Flowchart for learning programming, particularly Odometry

I teach robotics and have some of my programming minded students working on building a flowchart for learning odometry in stages rather than all at once. Currently my Jr/Sr. new-to-robotics-but-not-to-C++ students are on step 5 or 6. Here are the tasks I have had my programmers complete to expedite understanding autonomous navigation. Please give me feedback, or let me know if you think there are better checkpoints instead of the ones below.

  1. Make a translational PD control for one motor.

  2. Make a rotational PID with the IMU

  3. Add an element to the rotational PID to compare target angle, target-360, and target+360 to find which results in the lowest error.

  4. sum the rotational and translational values to create a drive straight PID with constant target angle.

  5. Track position by updating an array with [x, y] based off of the instantaneous differential drive, Sideways center ODO wheel, and IMU. Have the path use deltatheta/2 to approximate the new position while driving in a curved path, since it is a good approximation of a constant radius of curvature. Use the documents to complete this.

  6. Identify instantaneous target values for translation and rotation by rotating the target [xf, yf] around the robots coordinates [xi, yi] an angle equal to the robot’s heading. This will then give you [xf’, yf’] and you can simply subtract yf’-yi to assign your translational target value, and then use arctan to assign your rotational target value. This calculation will need to be performed every loop and the target values updated.

You have now entered carrot-on-a-stick mode.

  1. Create a series of waypoints and upon completion either update [xf,yf] or perform tasks. This is basic straight line navigation, and can even handle the robot being pushed around. Just make sure that you have two waypoints per destination to make sure that you have a chance to set and orient the robot.
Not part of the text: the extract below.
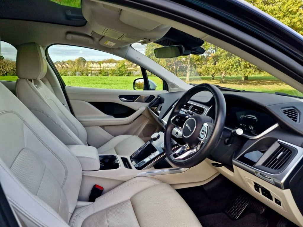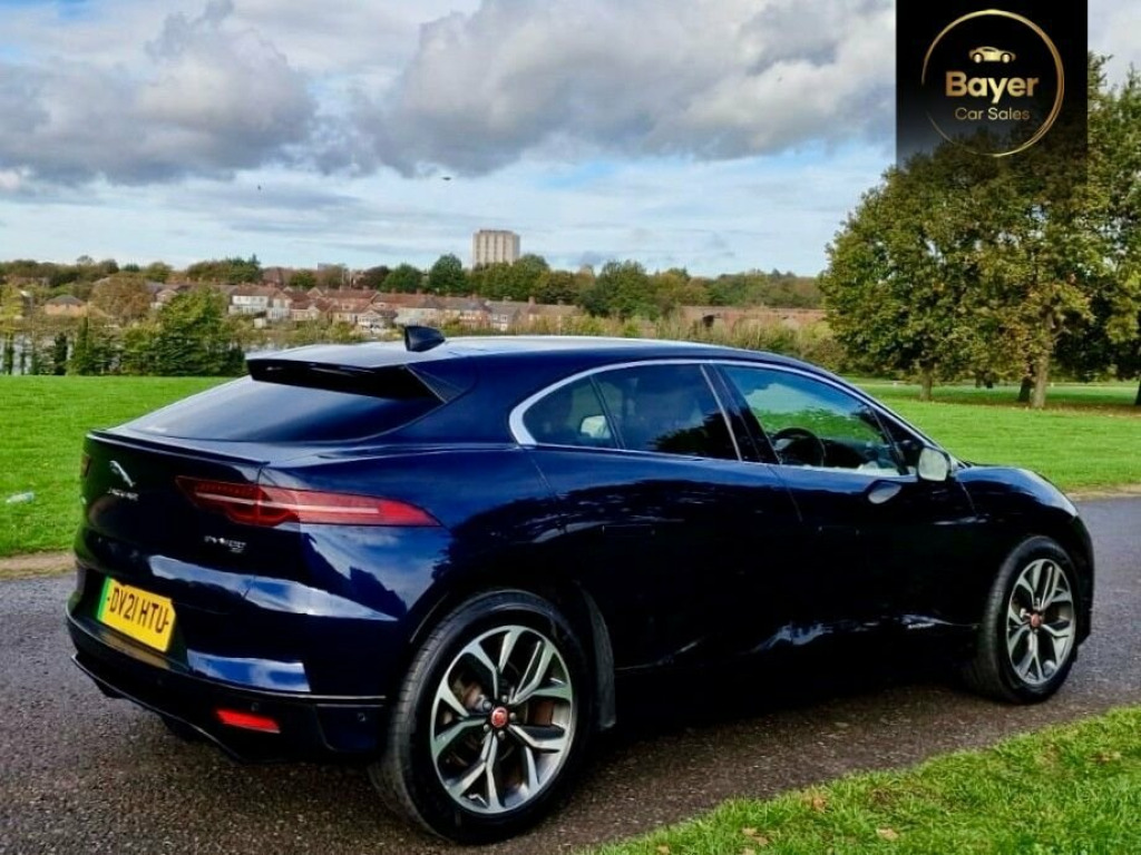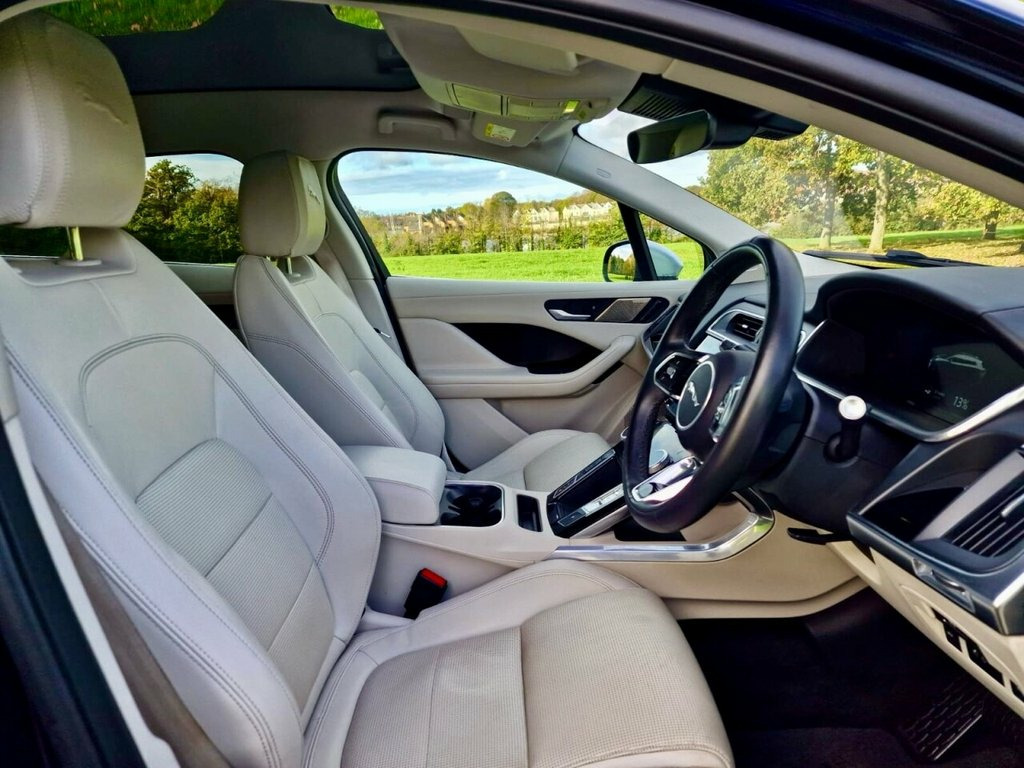 VERY RARE AIR SUSPENSION! This 2021 Jaguar I-PACE 400 SE offers an exceptional blend of performance and luxury, boasting a substantial 90 kWh battery that provides a maximum range of 280 miles when new. This electric vehicle features a sophisticated Four Wheel Drive drivetrain, ensuring confident handling in various conditions. Inside, you'll find exquisite Windsor Leather in Light Oyster with an Ebony and Light Oyster interior, complemented by supportive Performance Seats. The SE trim also includes striking 20 inch Alloy Wheels in a 5 split spoke Technical Grey design with a polished finish, and an Electronic Air Suspension for a smooth ride. Experience exhilarating acceleration with the I-PACE, capable of reaching 0-60mph in just 4.5 seconds, a performance that sets it apart from many other vehicles. Further enhancing the driving experience is the Fixed Panoramic Roof, which floods the cabin with natural light. Comfort is paramount, with 12 way heated electric front seats featuring driver memory and 2 way manual headrests. For convenient charging, a full charge at home using a 7kW charger takes approximately 12 hours and 36 minutes, while rapid public charging can replenish the battery from empty to 80% in as little as 50 minutes. VAT Qualifying. 10in PiVI Pro, 12-Way Heated Electric - Driver Memory F, 12V Power Socket in Loadspace, 12V Power Sockets, 2-Zone Climate Control, 20in Alloy Wheels - 5 Split-Spoke - Styl, 20in Alloy Wheels - 6 Spoke - Style 6007, 3 Rear Headrests, 3-Flash Lane Change Indicators, 3-Phase 11kW AC Onboard Charger, 360 Degree Surround Camera, 40-20-40 Folding Rear Seats with Centre , 6 Airbags, ABS - Anti-locking Braking System, Acoustic Laminated Windscreen, Active Sound Design, Active Vanes, AM-FM Radio, Android Auto, Apple CarPlay, ASPC - All Surface Progress Control, Auto-Dimming - Power Fold - Heated Door , Auto-Dimming Interior Rear View Mirror, Blind Spot Assist, Bluetooth Connectivity, Body Coloured Ro

  2. Use a version of spline, bezier, or some other interpolation to blend your waypoints or set desired curves

  1. Attempt a programming skills using only these splined waypoints and attempt to push the robot off course or introduce barriers. Find weaknesses.

  2. Introduce visual and other sensors to optimize the detection of grasped objects.

  3. Use vision and distance sensors for the final docking of a movement, and use this to recalibrate your global [x, y] based on an assumed position of the object.

  4. Possibly learn how this works on x drives. There are resources available, and at this point you are probably ready to learn how to compute using each of the 4 wheel positions into the x and y calculations.

  5. Use A* or some other search algorithm to take an array representation of the field with obstacles and have the robot pathfind its way from waypoint to waypoint, avoiding obstacles along the way. This will replace your spline interpolation with a better series of waypoints. This will prepare you for VEXAI

Past this is stuff I have no experience with so I can just suppose…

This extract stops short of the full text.